◆ Task ◆
Since the records include pictures, leave those out while you reproduce exactly and only the lines from the one containing "제주도 내의 기업들 중" through the one containing "Suasana kebersamaan terlihat", inclusive.

◆ Information ◆

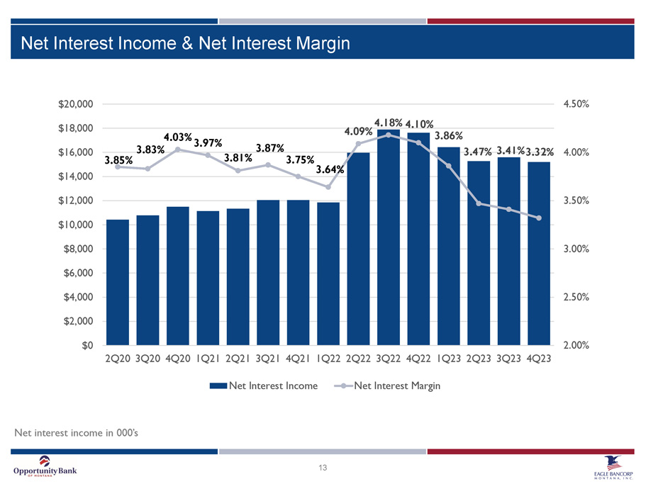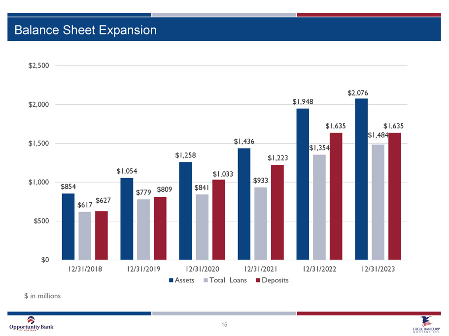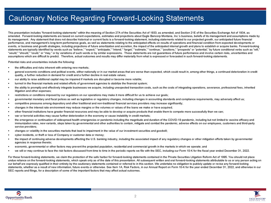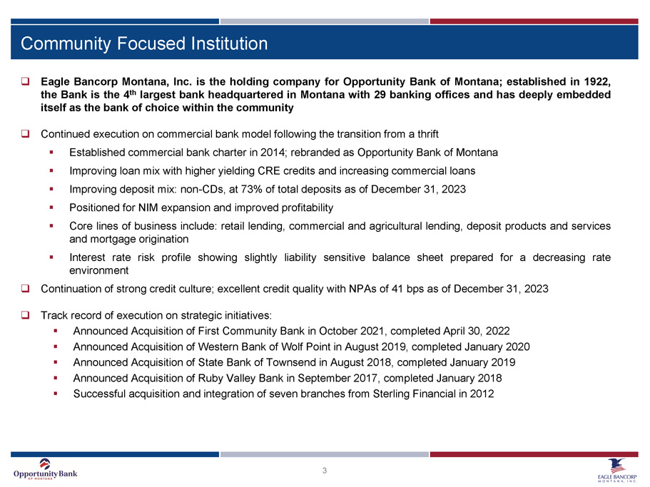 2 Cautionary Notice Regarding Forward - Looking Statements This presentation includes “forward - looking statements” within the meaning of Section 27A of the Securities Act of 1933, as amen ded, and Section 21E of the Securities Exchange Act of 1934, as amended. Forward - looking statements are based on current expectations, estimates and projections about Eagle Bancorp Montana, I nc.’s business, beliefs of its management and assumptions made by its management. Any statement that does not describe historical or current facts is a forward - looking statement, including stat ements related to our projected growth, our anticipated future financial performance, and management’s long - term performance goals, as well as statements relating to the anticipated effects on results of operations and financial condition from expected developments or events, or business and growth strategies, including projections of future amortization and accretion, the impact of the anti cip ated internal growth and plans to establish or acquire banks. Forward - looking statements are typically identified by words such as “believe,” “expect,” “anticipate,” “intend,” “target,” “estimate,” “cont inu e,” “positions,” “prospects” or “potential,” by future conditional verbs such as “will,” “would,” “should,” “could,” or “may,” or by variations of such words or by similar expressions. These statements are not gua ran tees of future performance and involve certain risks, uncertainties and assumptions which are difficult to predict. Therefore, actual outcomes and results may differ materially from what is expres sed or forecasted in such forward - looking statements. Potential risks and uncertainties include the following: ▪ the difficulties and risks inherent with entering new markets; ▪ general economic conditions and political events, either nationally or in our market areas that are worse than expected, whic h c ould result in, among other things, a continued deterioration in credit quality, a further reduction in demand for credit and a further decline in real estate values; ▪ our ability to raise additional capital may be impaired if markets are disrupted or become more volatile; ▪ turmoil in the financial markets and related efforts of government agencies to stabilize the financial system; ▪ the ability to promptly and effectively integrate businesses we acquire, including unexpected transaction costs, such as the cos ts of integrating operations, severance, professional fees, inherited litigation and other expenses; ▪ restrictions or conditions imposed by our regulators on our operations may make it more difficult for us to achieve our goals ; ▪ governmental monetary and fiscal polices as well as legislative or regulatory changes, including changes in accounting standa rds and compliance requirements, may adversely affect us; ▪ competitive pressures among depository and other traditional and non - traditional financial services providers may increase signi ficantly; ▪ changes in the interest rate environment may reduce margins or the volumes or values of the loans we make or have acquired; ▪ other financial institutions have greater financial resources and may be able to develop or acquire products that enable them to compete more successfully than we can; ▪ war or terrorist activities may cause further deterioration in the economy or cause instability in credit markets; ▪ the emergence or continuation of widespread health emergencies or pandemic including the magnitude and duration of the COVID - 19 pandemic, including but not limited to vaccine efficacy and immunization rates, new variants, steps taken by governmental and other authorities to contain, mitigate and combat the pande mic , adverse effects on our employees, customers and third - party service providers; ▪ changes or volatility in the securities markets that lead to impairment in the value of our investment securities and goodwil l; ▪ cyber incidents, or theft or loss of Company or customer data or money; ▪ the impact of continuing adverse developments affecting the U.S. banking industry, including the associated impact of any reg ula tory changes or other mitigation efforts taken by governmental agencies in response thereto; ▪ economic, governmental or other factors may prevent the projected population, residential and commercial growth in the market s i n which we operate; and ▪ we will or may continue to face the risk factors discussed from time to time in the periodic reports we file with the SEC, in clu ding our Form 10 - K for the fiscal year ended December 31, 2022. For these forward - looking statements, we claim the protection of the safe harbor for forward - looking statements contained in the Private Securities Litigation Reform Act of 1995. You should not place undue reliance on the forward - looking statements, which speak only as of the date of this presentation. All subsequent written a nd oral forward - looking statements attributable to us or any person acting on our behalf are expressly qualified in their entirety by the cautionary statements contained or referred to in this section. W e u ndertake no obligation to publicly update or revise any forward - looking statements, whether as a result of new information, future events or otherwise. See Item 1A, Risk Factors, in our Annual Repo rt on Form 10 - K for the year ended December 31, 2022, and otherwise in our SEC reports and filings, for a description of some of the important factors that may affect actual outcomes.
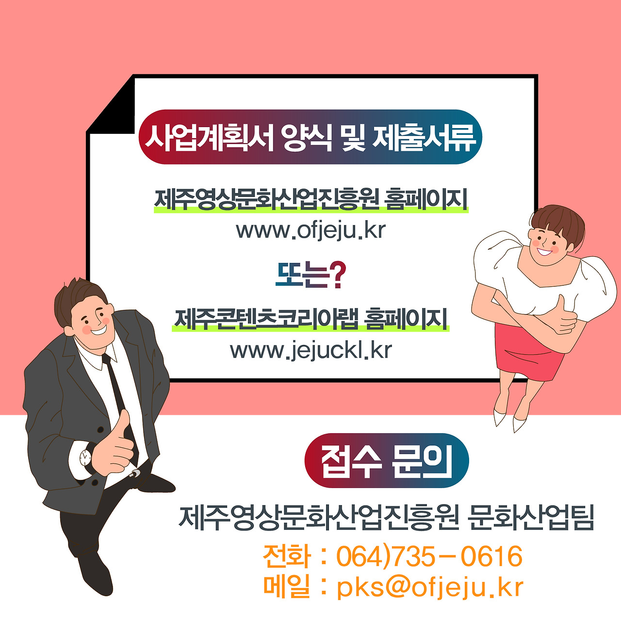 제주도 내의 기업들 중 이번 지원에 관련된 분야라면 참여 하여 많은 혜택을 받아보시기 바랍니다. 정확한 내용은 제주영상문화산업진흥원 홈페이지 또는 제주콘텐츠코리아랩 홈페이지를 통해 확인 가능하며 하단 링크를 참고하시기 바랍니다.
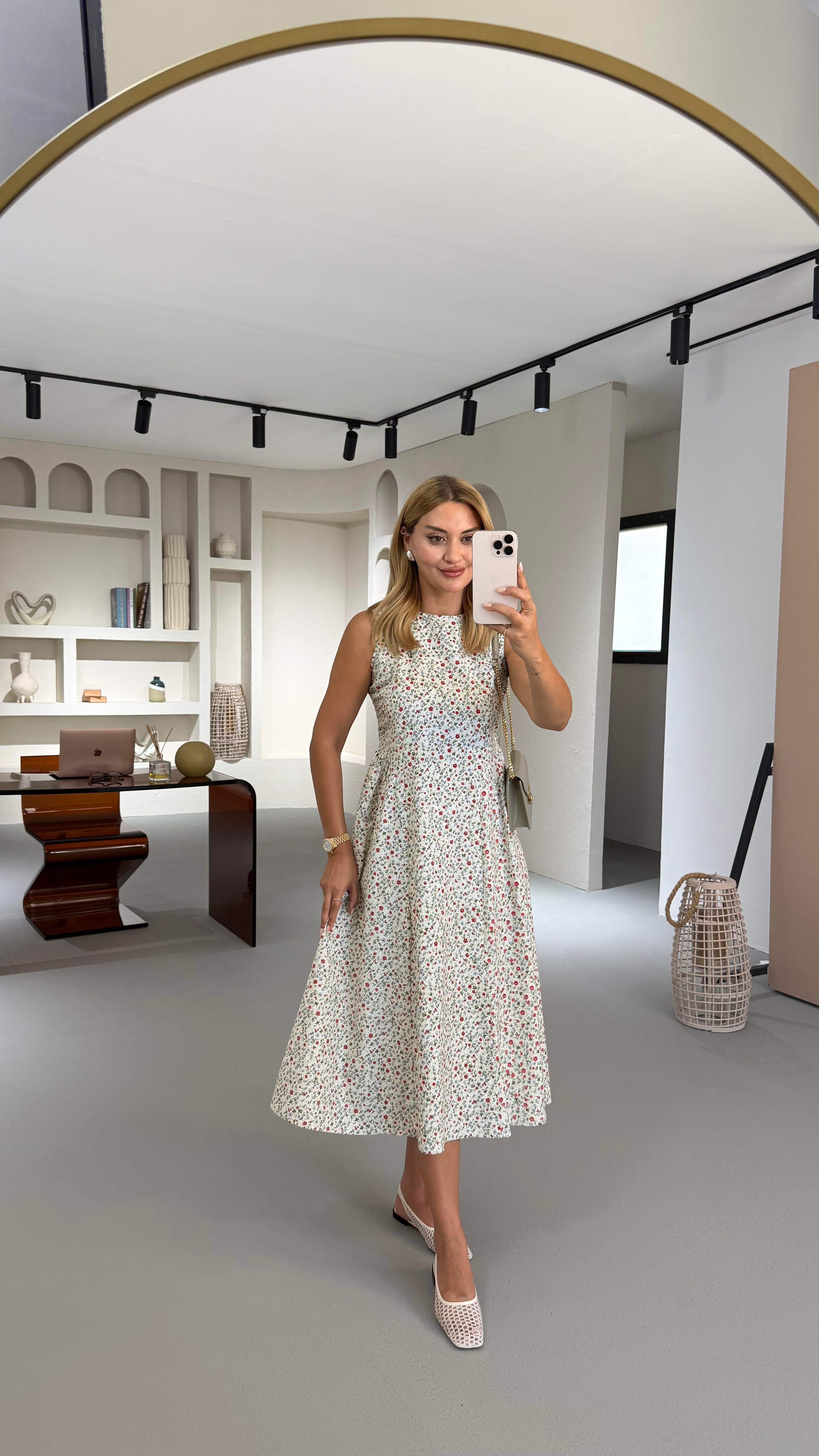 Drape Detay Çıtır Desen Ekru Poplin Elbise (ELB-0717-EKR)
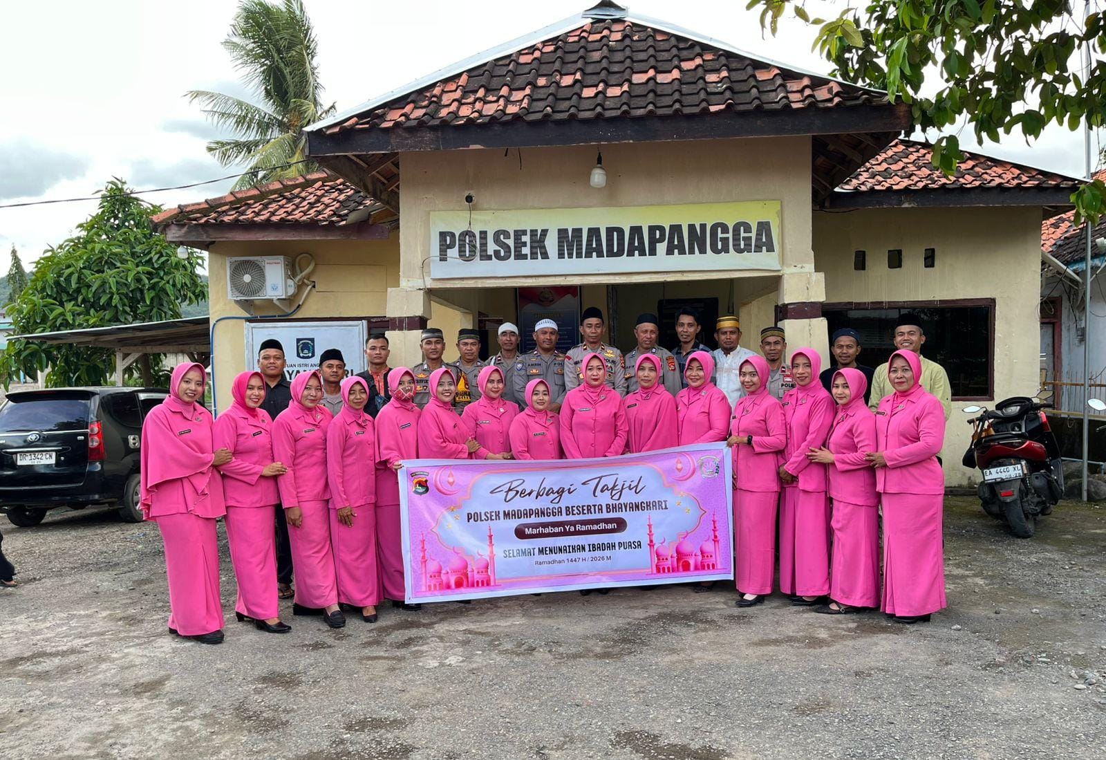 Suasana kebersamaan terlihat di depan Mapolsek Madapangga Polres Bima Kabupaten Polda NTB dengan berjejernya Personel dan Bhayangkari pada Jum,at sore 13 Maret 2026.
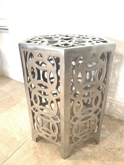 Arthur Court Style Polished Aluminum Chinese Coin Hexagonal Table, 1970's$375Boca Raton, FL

◆ Result of this task ◆
 제주도 내의 기업들 중 이번 지원에 관련된 분야라면 참여 하여 많은 혜택을 받아보시기 바랍니다. 정확한 내용은 제주영상문화산업진흥원 홈페이지 또는 제주콘텐츠코리아랩 홈페이지를 통해 확인 가능하며 하단 링크를 참고하시기 바랍니다.
 Drape Detay Çıtır Desen Ekru Poplin Elbise (ELB-0717-EKR)
 Suasana kebersamaan terlihat di depan Mapolsek Madapangga Polres Bima Kabupaten Polda NTB dengan berjejernya Personel dan Bhayangkari pada Jum,at sore 13 Maret 2026.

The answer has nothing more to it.